Оперная артистка мадам Нина Пак была знакома с богатым банкиром, имевшим деловые связи с коммерсантами, которые жили на островах. Как-то певица сказала в присутствии одного из них: «Я очень хотела бы иметь маленькую негритянку». Через несколько месяцев полицейский привел к мадам Нине Пак юную метиску (наполовину индианку, наполовину малайку), подобранную на улице. На шее у нее висела табличка с надписью: «Мадам Нина Пак, улица Ларошфуко, Париж. Посылка с острова Ява». Девочке дали имя Анна. Через некоторое время, вследствие какого-то домашнего происшествия, ее уволили. Тогда она заявилась ко мне и, поскольку я бывал в гостях у ее хозяйки, попросила подыскать ей другое место. Я подумал, что, раз она не обнаружила особых способностей как горничная, девушке, возможно, повезет больше в качестве натурщицы. Я рассказал о ней Гогену.

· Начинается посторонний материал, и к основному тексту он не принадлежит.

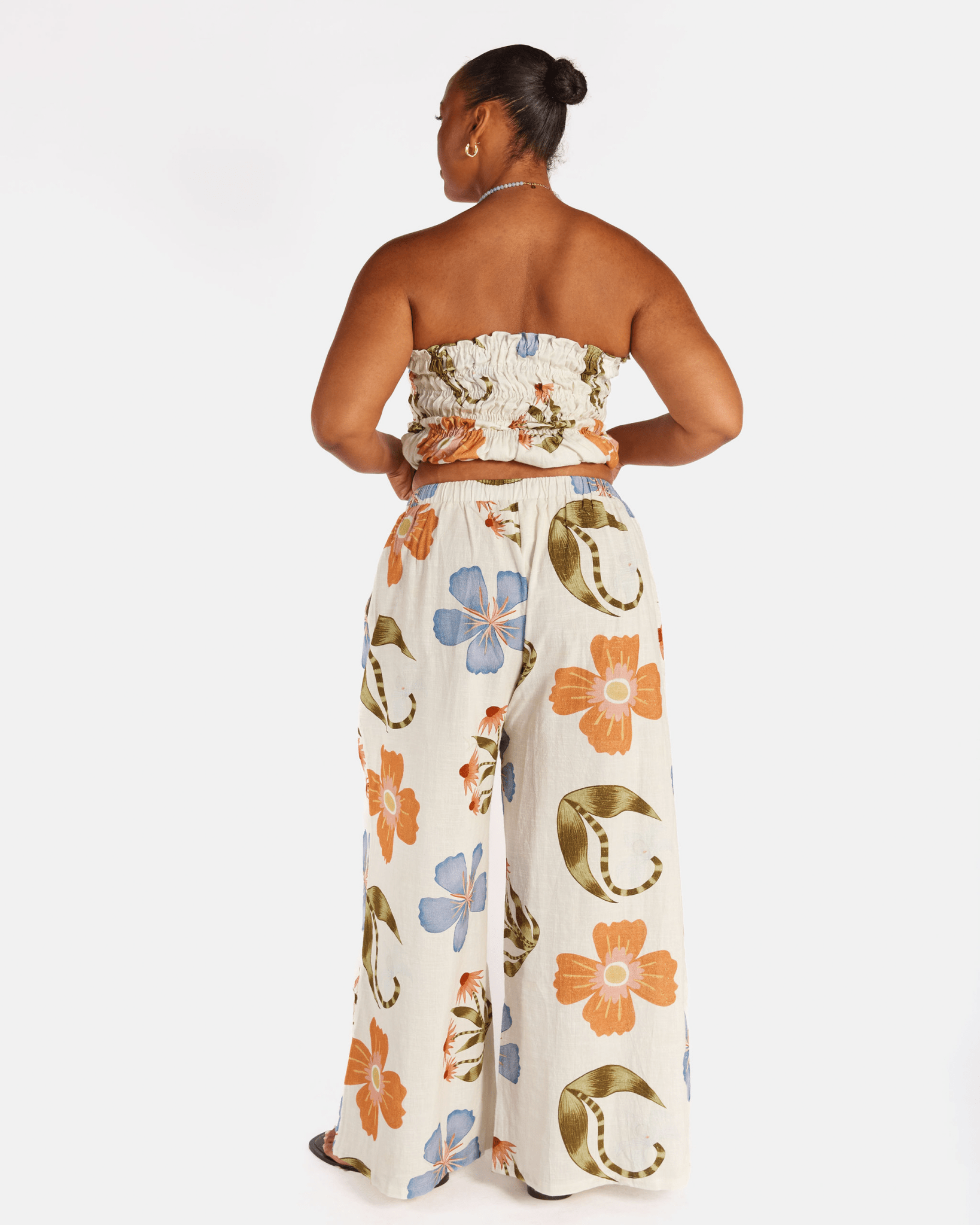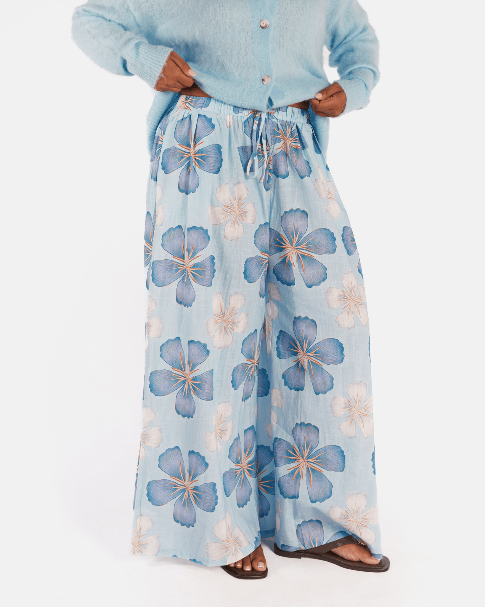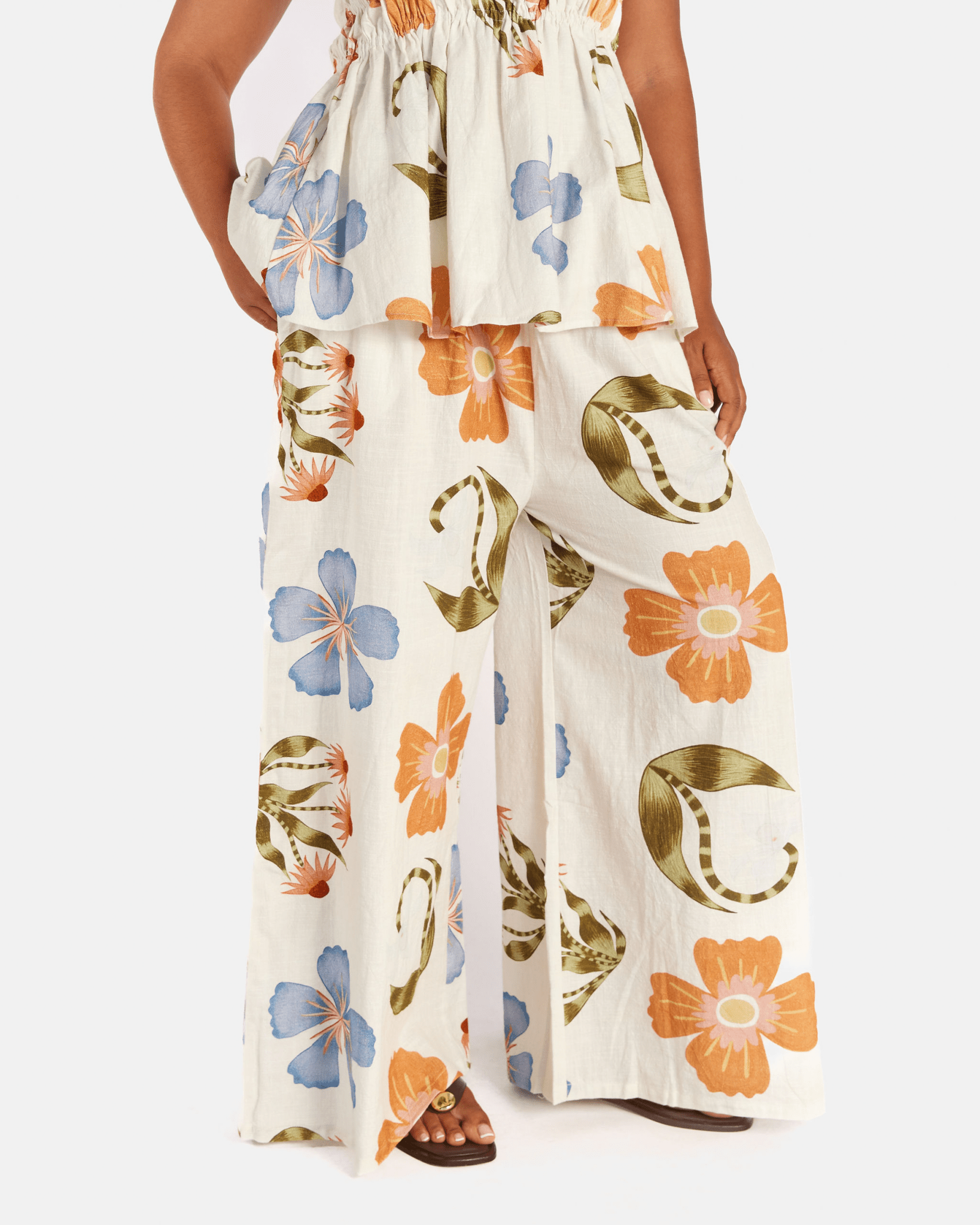 Lightweight cotton slub wide-leg pants with an elastic waist and oversized floral print, designed for comfort, movement, and everyday style.

– Пришлите ее ко мне. Я ее испытаю, – сказал он.
Анна понравилась художнику. Он оставил ее у себя. И она стала причиной той памятной битвы, в которую Гогену пришлось вступить, защищаясь от бретонских крестьян, бросавших камни в маленькую яванку, поскольку они принимали ее за колдунью.
Редон был поражен разнообразием способностей Гогена. Однажды, когда рабочие чинили у него дома печь, Редон, показав на кусок жести, сказал мне:
– Дайте эту штуку Гогену, и он сделает из нее маленький шедевр.
Обшарпанное здание, где помещалась мастерская художника, сильно смахивало на какой-то амбар. Но стоило войти внутрь, как у вас возникало ощущение, что вы попали во дворец: это впечатление чуда возникало благодаря полотнам, которыми он украсил стены. Самое почетное место Гоген отвел двум своим наиболее любимым художникам: Сезанну и Ван Гогу. В частности, я запомнил трех «ван гогов», висевших над его кроватью: посередине располагался пейзаж в сиреневых тонах; справа и слева «Подсолнухи» – я полагаю, те же самые, что привели всех в такое восхищение на распродаже коллекции Дега, – а напротив них натюрморт Сезанна, тот, который возмутил Гюисманса, написавшего о «покосившихся фруктах в пьяных горшках».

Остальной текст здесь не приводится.